RIYADH: The Gulf Cooperation Council’s secretary-general affirmed that the negotiations for a free trade agreement between the GCC and India, and the signing of the joint statement, represents a new phase of strategic partnership.

Jasem Mohamed Al-Budaiwi said that this contributes to enhancing close cooperation and strengthening economic and trade ties, according to the Saudi Press Agency.

This came during the signing ceremony of the joint statement on launching the free trade agreement negotiations between the Al-Budaiwi and India’s Minister of Commerce and Industry, Piyush Goyal, which took place in New Delhi, on Tuesday.
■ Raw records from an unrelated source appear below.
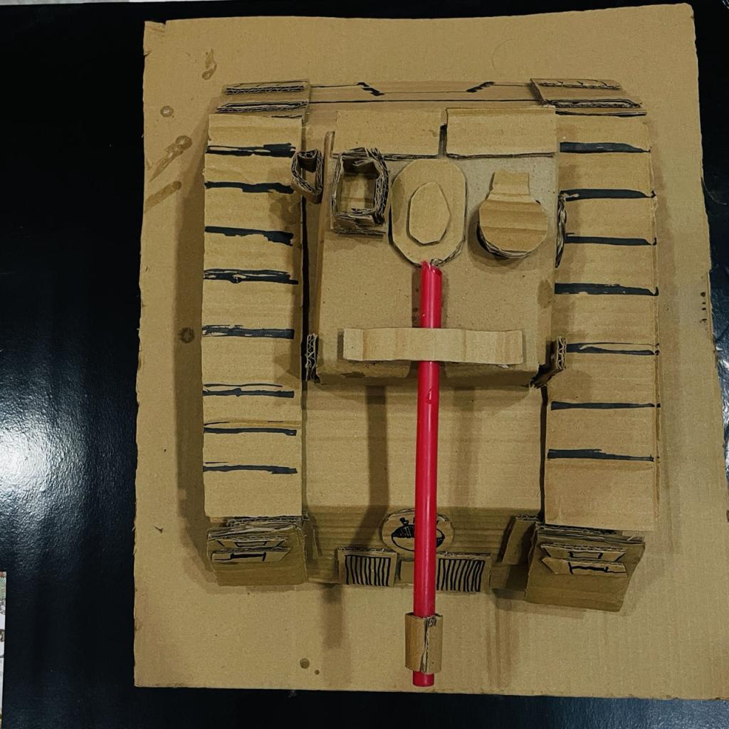 坦克是一种装备有重型火炮和装甲的装甲战斗车辆,通常用于地面战斗。它是20世纪初期发展起来的一种重要军事装备,对于现代战争的发展产生了深远的影响。坦克的出现使得战场上的战术和战略发生了巨大的变革,成为了现代陆地作战的主要力量。该作品用烟盒和纸板组成坦克,该作品凸显出废物利用,低碳环保的理念。
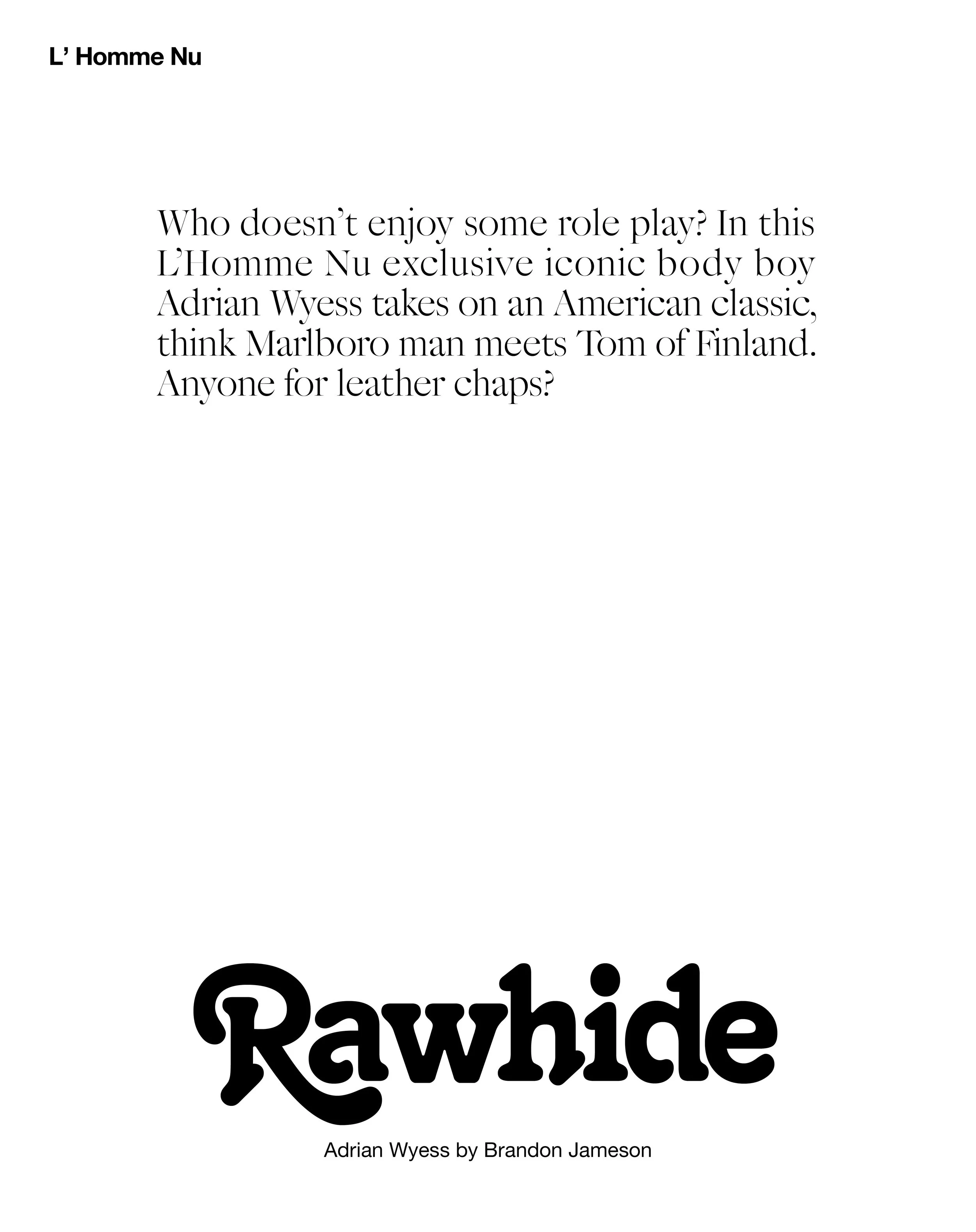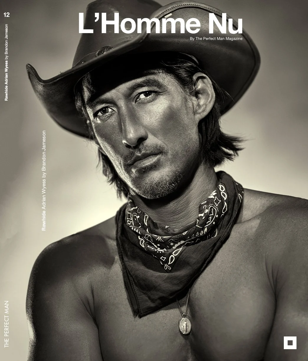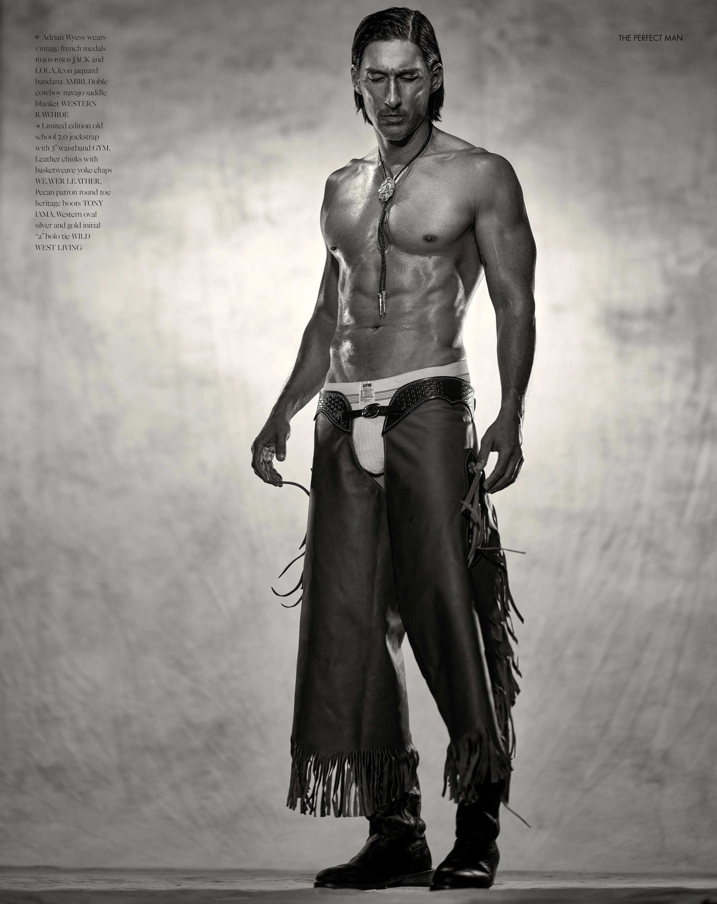 1-4. Adrian Wyess wears destroyed slim fit jeans GIVENCHY, mocha leather classic cowboy hat STETSON, vintage classic v front “tighty-whities” briefs HANES, Lambskin leather tactical vest GIVENCHY, folk buckle leather belt SAINT LAURENT, limited edition old school 2.0 jockstrap with 3” waistband GYM, Comet 18k yellow gold and leather bracelets TANE MEXICO 1942, Pecan patron round toe heritage boots TONY LAMA, Icon jaquard bandana AMIRI 5-6. Adrian Wyess wears vintage french medals 1940s-1950s JACK and LOLA, Icon jaquard bandana AMIRI, Doble cowboy navajo saddle blanket WESTERN RAWHIDE, Limited edition old school 2.0 jockstrap with 3” waistband GYM, Leather chinks with basketweave yoke chaps WEAVER LEATHER, Pecan patron round toe heritage boots TONY IAMA, Western oval silver and gold initial “A” bolo tie WILD WEST LIVING 7-8. Adrian Wyess wears mocha leather classic cowboy hat STETSON, Western oval silver and gold initial “a” bolo tie WILD WEST LIVING, posing strap VINTAGE, Pecan patron round toe heritage boots TONY LAMA, Destroyed slim fit jeans GIVENCHY, mocha leather classic cowboy hat STETSON, vintage classic v-front “tighty-whities” briefs HANES 7-8. Adrian Wyess wears Mocha leather classic cowboy hat STETSON, Icon jaquard bandana AMIRI, Distressed denim jacket RALPH LAUREN, Thermal henley and joggers FEAR OF GOD ESSENTIALS, vintage french medals 1940s-1950s JACK & LOLA, Comet 18k yellow gold and leather bracelets TANE MEXICO 1942 9-10. Thermal henley and joggers FEAR OF GOD ESSENTIALS, vintage french medals 1940s-1950s JACK & LOLA, Comet 18k yellow gold and leather bracelets TANE MEXICO 1942, Adrian Wyess wears mocha leather classic cowboy hat STETSON, vintage classic v-front “tighty-whities” briefs HANES, vintage french medals 1940s-1950s JACK & LOLA, Western tanned leather arm guards VIKING BRACERS
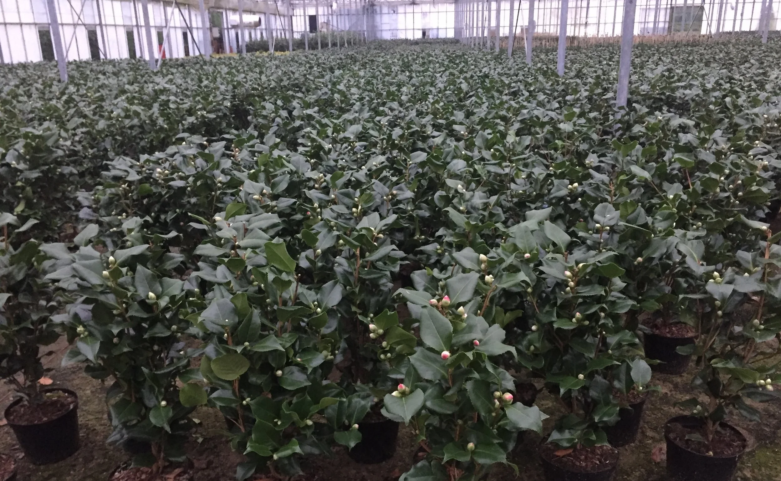 Our Camellias are all lined up in the glasshouse ready to find their way to your garden. This picture shows you 15,000 Camellia "Dr King" all looking lovely and evenly grown and packed with flower buds.
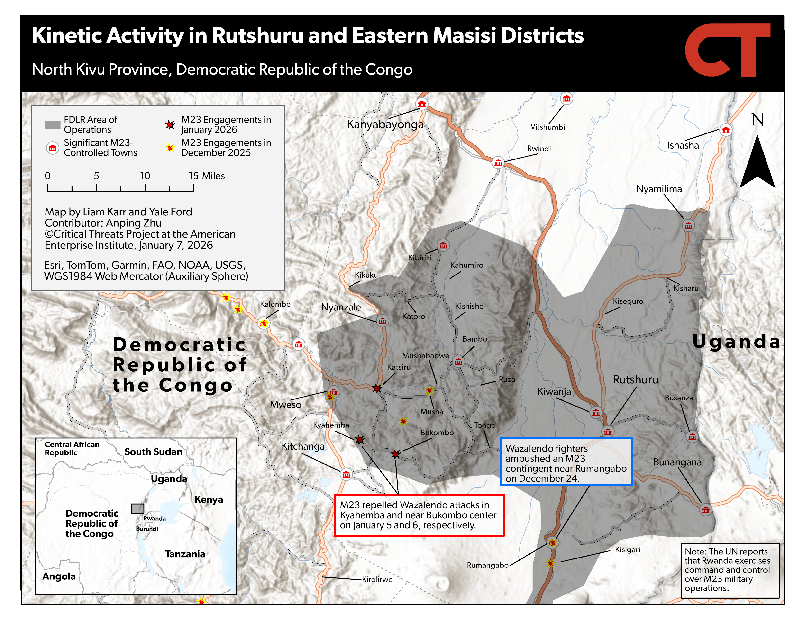 M23 repelled pro-Congolese government Wazalendo attacks in Rutshuru district in North Kivu. The Congolese media outlet Kivu Morning Post reported that M23 repelled a Wazalendo attack in Kyahemba village in the Bukombo group in Bwito chiefdom in Rutshuru on January 5.[i] Kyahemba is about nine miles northwest of Kitchanga town on the RP1030 in Masisi district. Kivu Morning Post reported separately that M23 repelled a Wazalendo attack near Bukombo center, which is about five miles east of Kyahemba on a local road, on January 6.[ii] Wazalendo fighters clash regularly with M23 in Bwito, especially in Bukombo, where M23 and the Rwandan army conduct counterinsurgency operations against Wazalendos and fighters from the Forces démocratiques de libération du Rwanda (FDLR).

During the signing ceremony, Al-Budaiwi said that the Terms of Reference, signed on Feb. 5, provide a comprehensive and clear framework for these negotiations. The two nations agreed to discuss enhancing cooperation in vital strategic areas, including trade in goods, customs procedures, and services.

Additionally, the framework covers Sanitary and Phytosanitary measures, intellectual property rights, cooperation on Micro, Small, and Medium Enterprises, along with other topics of mutual interest. This reflects the comprehensive nature of the agreement and its ability to keep pace with the future economy.

Al-Budaiwi expressed hope that these negotiations would lead to a comprehensive and ambitious free trade agreement that works to remove customs and non-customs barriers, enhance the flow of quality investments in both directions, and achieve further liberalization in trade and investment cooperation between the GCC and India for mutual benefit. 

This would provide a stimulating economic environment and an investment climate that opens broad horizons for the business sector, supports supply chains, and accelerates the pace of economic growth in line with the ambitious developmental visions of the GCC states. 

The top official affirmed the full readiness of the General Secretariat to host the first round of negotiations at its headquarters in Riyadh during the second half of this year.

The two sides held a meeting during which they reviewed the existing cooperation relations between the GCC and India and discussed ways to develop and elevate them to broader horizons, serving mutual interests and enhancing opportunities for strategic partnership between the two sides, particularly in the economic, investment, and trade fields.

They praised the role undertaken by the negotiating teams from both sides, appreciating the efforts contributing to reaching a comprehensive agreement that enhances economic integration and supports the smooth flow of trade between the two nations.